Günlerdir Türkiye insanı insan olmaktan utandıran 6 yaşındaki çocuğun evlendirilmesi olayıyla sarsılıyor.
Şimdi 24 yaşında olan mağdurun anlattıkları korkunç gerçeği gözler önüne serdi.
Olayın cemaat bağlantısı var. Türkiye’nin bir türlü yüzleşemediği buna benzer çok olayda karşımıza çıkan cemaat bağlantısı.
Bu durum zaten günlerdir yoğun şekilde tartışılıyor.
Ama ne yazık ki olay cemaatle sınırlı değil.
6 yaşından başlayarak o çocuk18 yıl boyunca tecavüze uğrarken herkes neredeydi?
Korkunç ama gerçek. Anne, baba ve kardeşler bırakın yardım etmeyi bizzat suçun faili olarak yargılanıyor.
Ama bunca yıl boyunca etraftaki kimsenin bu durumu fark etmemesi, ya da sesini çıkarmaması da olay kadar trajik?
Bu çocuk ilki 12 yaşında olmak üzere iki kez hamile kalmış. Hiçbir doktor, hiçbir hemşire ya da hiçbir ebe çocuk olduğunu fark etmedi mi?
Hadi diyelim hiç doktora gitmedi. Aile hekimliği sistemi var. Doğum evde gerçekleşse bile aile hekimleri takip ediyor, ebeler aşılar için kayıt tutuyor. Atlanması mümkün değil. Nasıl oldu da ortaya çıkmadı?
Çocuğun doğurduğu çocukların nüfusları çıkarılırken annenin yaşı hiç mi dikkat çekmedi?
Ya da o gelinlik fotoğraflarını çeken fotoğrafçının “Bu işte bir gariplik olduğu” hiç mi dikkatini çekmedi?
***
Türkiye’de 12 yıllık mecburi eğitim var. Buna engel olanlara hapis cezası bile var. Yani o çocuk kayıtlı olduğu bölgede okula gitmeyince milli eğitim müdüründen okul yetkililerine kadar nasıl oldu da kimsenin dikkatini çekmedi? (Türkiye’de 5-17 yaşları arasında 1 milyon 200 bin çocuk var. Bu rakam Yunanistan’da toplam ilköğretim çağındaki öğrencilerden bile fazla. Bu çocuklar nerede, ne yapıyor, bilen ya da takip eden var mı?)
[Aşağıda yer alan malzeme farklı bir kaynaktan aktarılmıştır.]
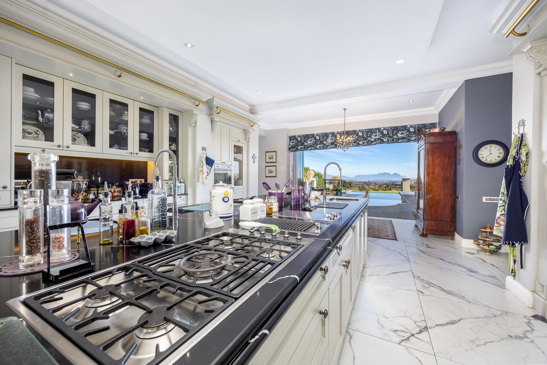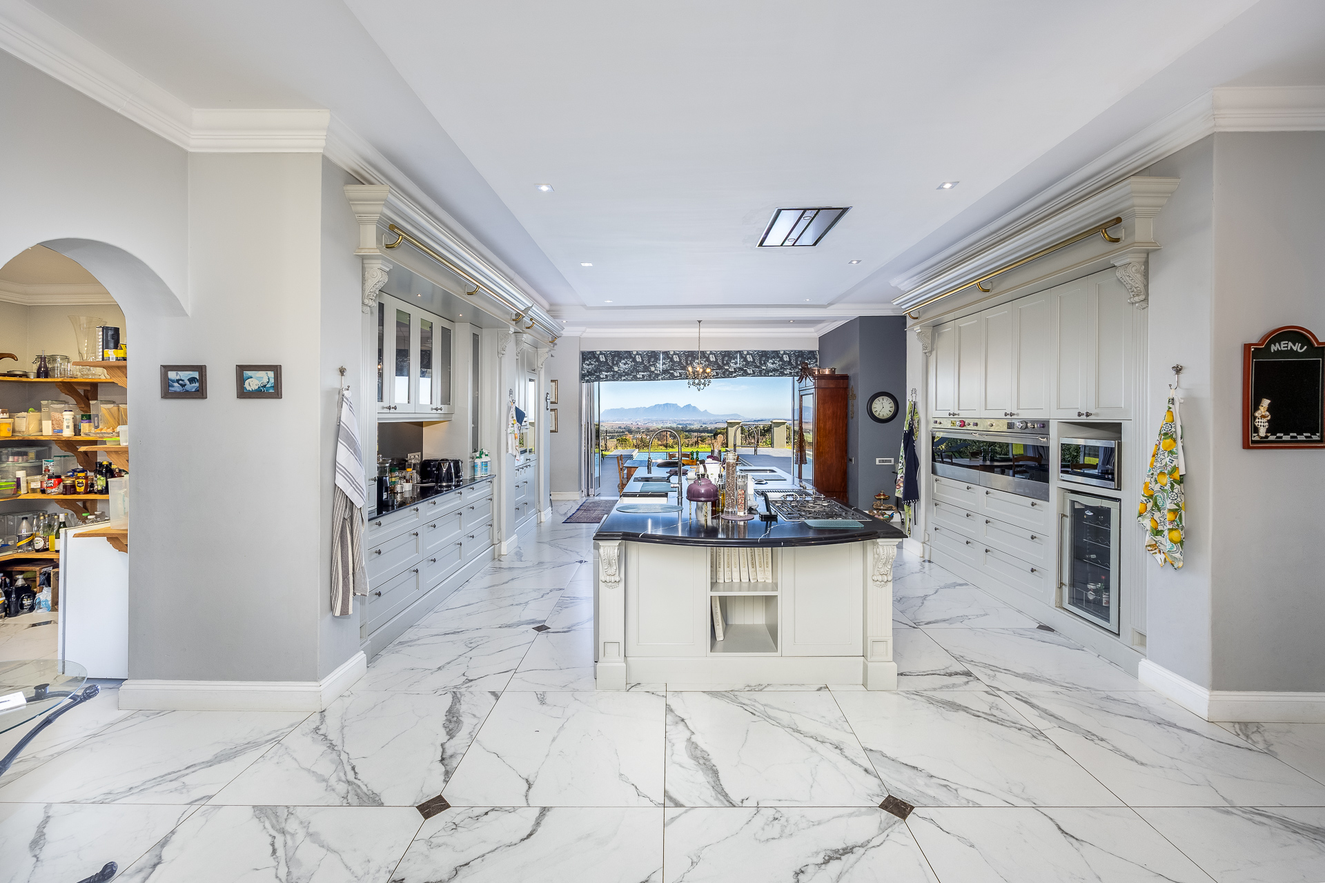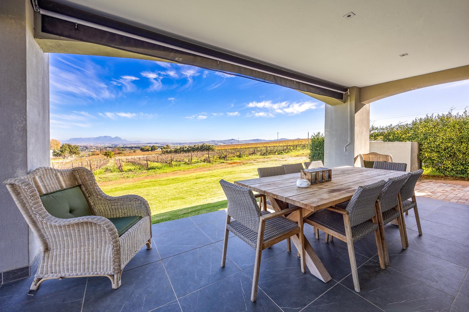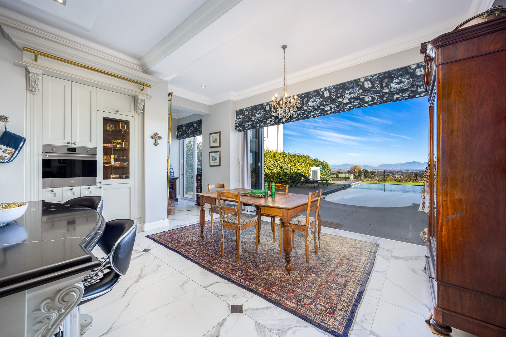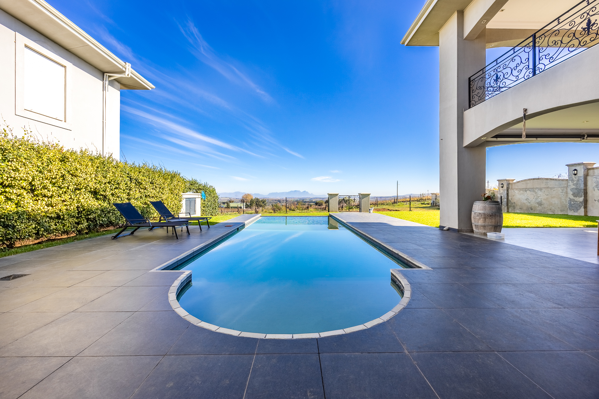 Set on 1,3755 ha, this property offers an ideal setting to enjoy outdoor living, featuring spacious terraces, a barbecue entertainment area, and a Solar-heated, rim-flow pool against the backdrop views of Table Mountain and vineyards.
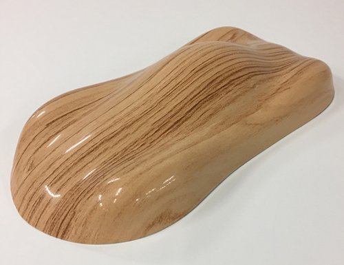 HK工法で印刷した「カーシェイプ大理石調と木目調」のテストピースには、金属製(アルミニウム)の凹凸がある車の形をした印刷が困難なものを選び、高さ40㎜の高低差がある両側の側面に至るまで「特殊ブランケット」を用いることで1パスで全面高速印刷が可能です。
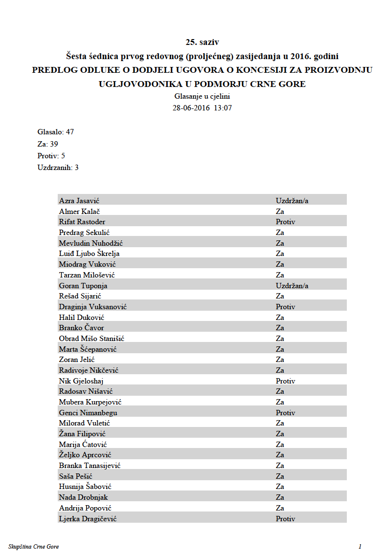 Ugovor sa ENI/Novatek je usvojen krajem juna 2016. godine dominantno glasovima tadašnje vladajuće koalicije, na raspravi na kojoj je opozicija veoma oštro kritikovala namjeru Vlade Crne Gore da, kako su naveli, zaključi još jedan korupcionaški posao koji je štetan po građane.
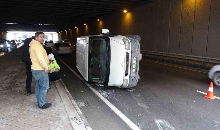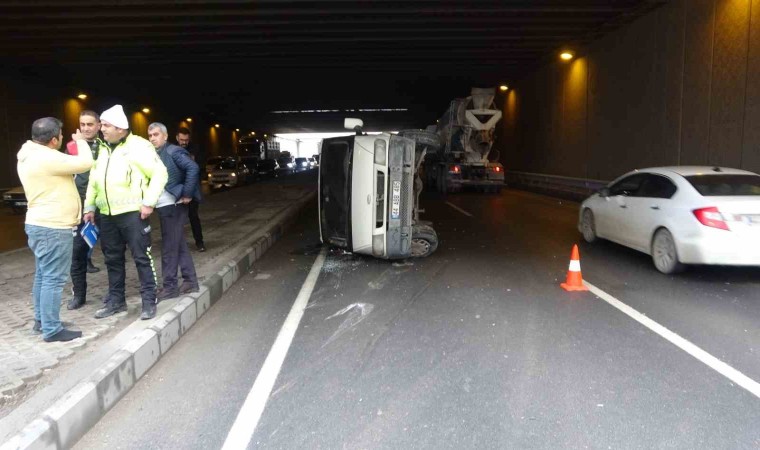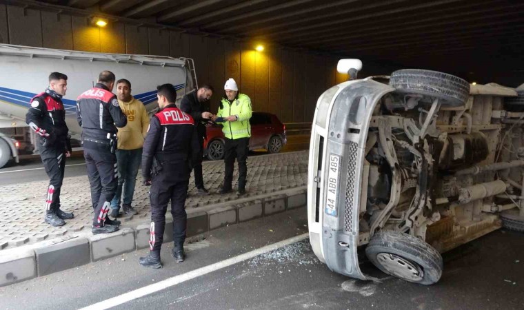Malatya’da alt geçitte otomobil ile çarpışan hafif ticari araç devrilerek yan yattı. Kazada 2 kişi yaralandı.
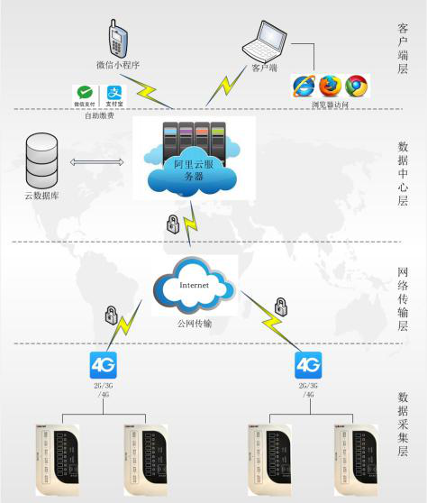 安科瑞電動自行車充電樁通過GPRS模塊與云端進行通信和數(shù)據(jù)交互。系統(tǒng)能夠?qū)﹄妱幼孕熊嚦潆姌兜娜粘顟B(tài)、充電過程進行監(jiān)控;實現(xiàn)充電支付對接:支持投幣、刷卡、微信支付等多種支付方式,保證支付交易過程的完整性,對充電過程中的異常情況進行有效預(yù)警;實現(xiàn)對下游站級平臺的清算、對賬功能。平臺可對接消防物聯(lián)網(wǎng)平臺、小程序等,提供相關(guān)異常數(shù)據(jù),實現(xiàn)電動車充電安全管理的網(wǎng)絡(luò)化、可視化。
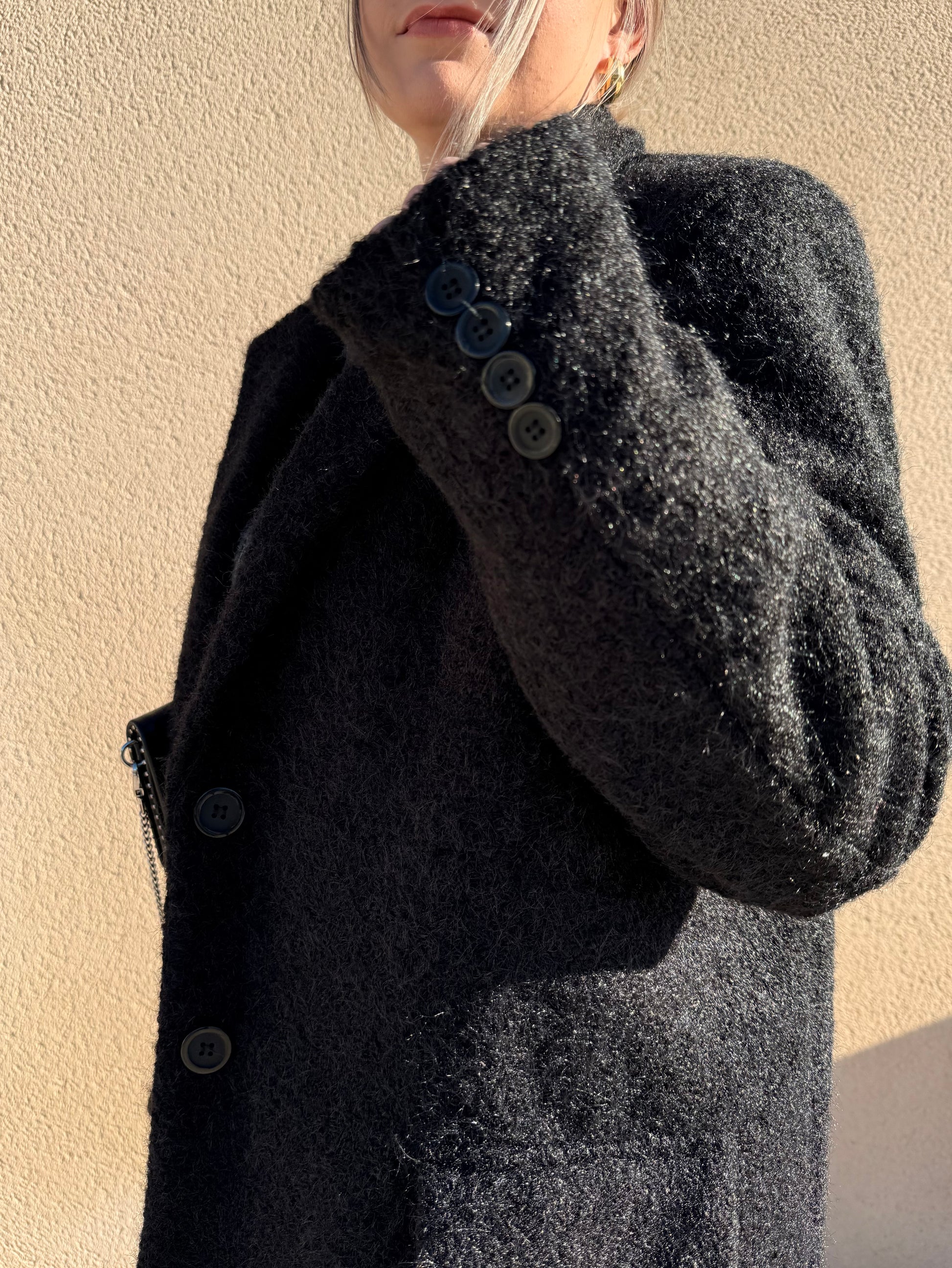 ♡ Description : Blazer oversize chaud, effet laine mélangée, col tailleur, épaulettes et fausses poches.
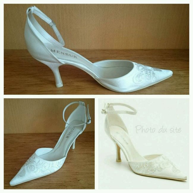 J'ai ENFIN trouvé mes chaussures pour aller avec ma Précieuse ! Je les ai trouvé sur VentePrivée.com, ce sont des Menbur que j'ai eu pour 12 € au lieu de 91 quand-même... J'espère juste que cette fois elles seront bien blanche car ma première paire...
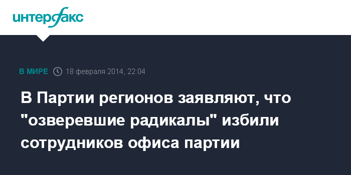 "Во время захвата здания, в котором расположен офис Партии регионов один человек умер. Он работал инженером. Ему было 66 лет. Трое сотрудников получили серьезные травмы", - говорится в заявлении пресс-службы Партии регионов, обнародованном во вторник вечером.
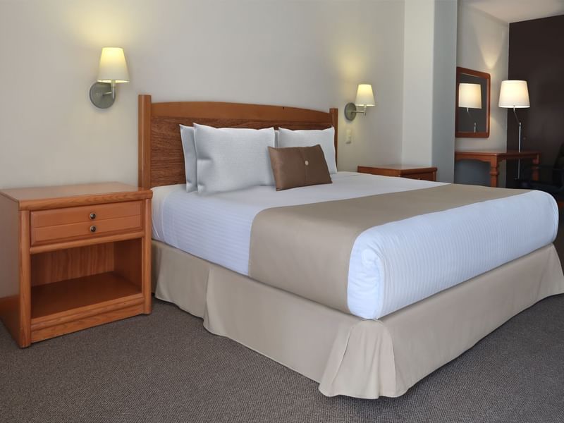 Siente el placer de relajarte en esta habitación iluminada que posee una amplitud encantadora con un balcón que te regala una vista a la avenida principal. Relájate con su confortable cama King size y todas sus comodidades dispuestas para ti, incluyendo aire acondicionado y calefacción, una cafetera con café disponible en tu habitación, pantalla plana para momentos de disfrute y relajación, baño privado con regadera, WC y todos los esenciales como secadora de pelo. Después de explorar la esencia de este destino, te esperamos en Gamma para que continúe tu experiencia.
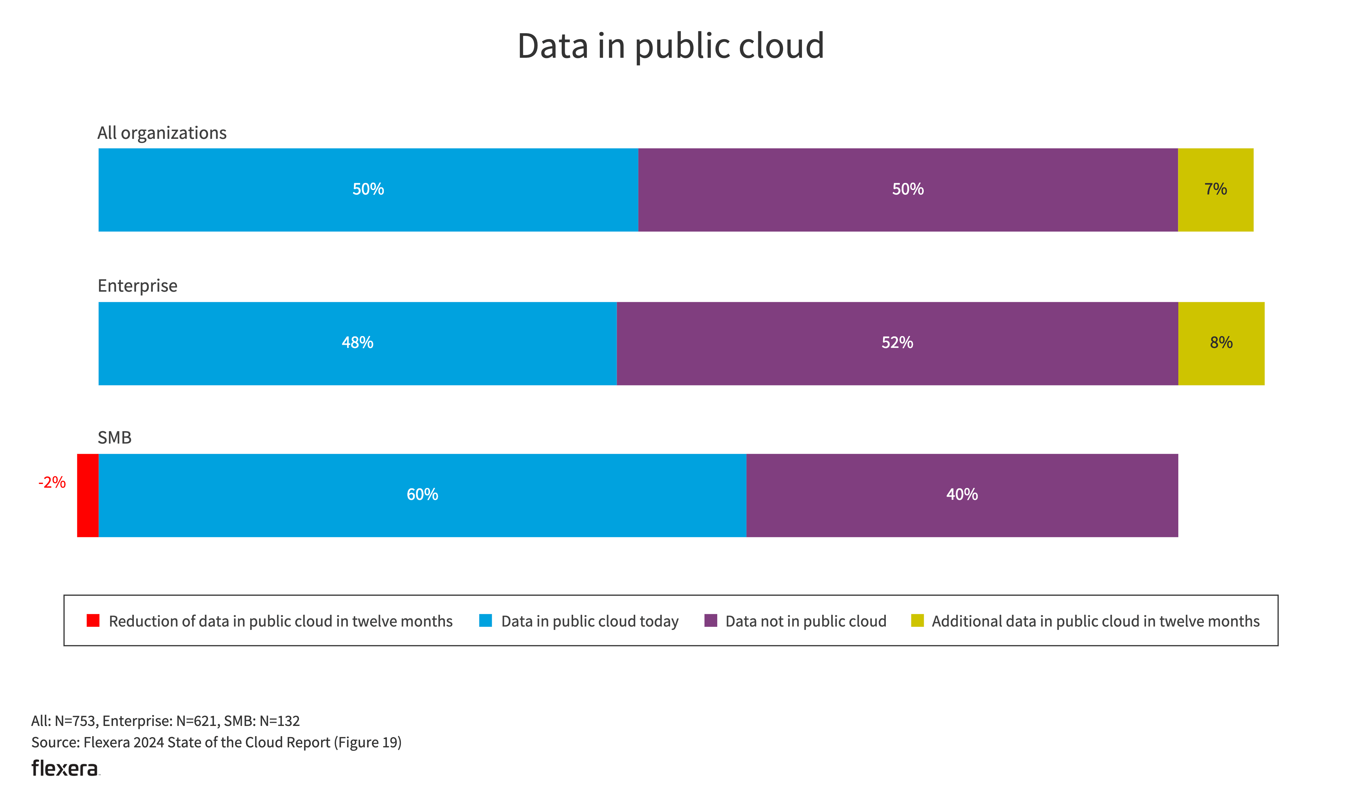 SMBs are the highest cloud adopters but fell off slightly from the previous year, with 61% (a drop from 67% last year) of workloads and 60% of data in the public cloud for both years.

Olayın yaşandığı mahallenin muhtarı ne yapıyordu? Muhtar en küçük kamu birimi olarak bu olayı neden bildirmedi?
Yıllarca tecavüze uğrayan çocuğun bulunduğu mahallede bakkal, kasap olmaması mümkün mü? Korkunç durum nasıl onların dikkatini çekmedi?
Bu mahallede yaşayan bir komşu yok muydu? Neden yardıma koşmadı?
***
Kimse görmedi, ya da görmek istemedi, kimse duymadı ya da duymak istemedi, kimse fark etmedi ya da fark etmek istemedi. Bu olayı hiçbiri ortaya çıkarmadı.
Olay 6 yaşından 24 yaşına kadar cehennemi yaşayan mağdurun kendisinin şikayette bulunmasıyla ortaya çıktı.
Uğur Mumcu, “çağımızın suçu” adlı yazısında, “Bir kişiye yapılan haksızlık, bütün bir topluma, bütün insanlığa karşı işlenmiş bir suçtur çağımızda. Susmayı, bir yaşam biçimi olarak benimseyen insanlar vardır. Özgürlükleri ve silahları, konuşmamaktır. Her adaletsizlik, onların eylemsizliklerinden güç alır biraz da. Ellerini kana bulayanlar, içlerindeki korkularını mezar taşlarıyla yaşayanlar, aynı adaletsizliğin ve yanı suçun ortaklarıdır hep birlikte. Gözlerin açıksa göreceksin! Kulağın sağır değilse duyacaksın! Ellerin kesik değilse uzanacaksın” der.
Uğur Mumcu’nun dediği gibi “susan suç ortakları” var oldukça korkunç suçlar asla bitmez.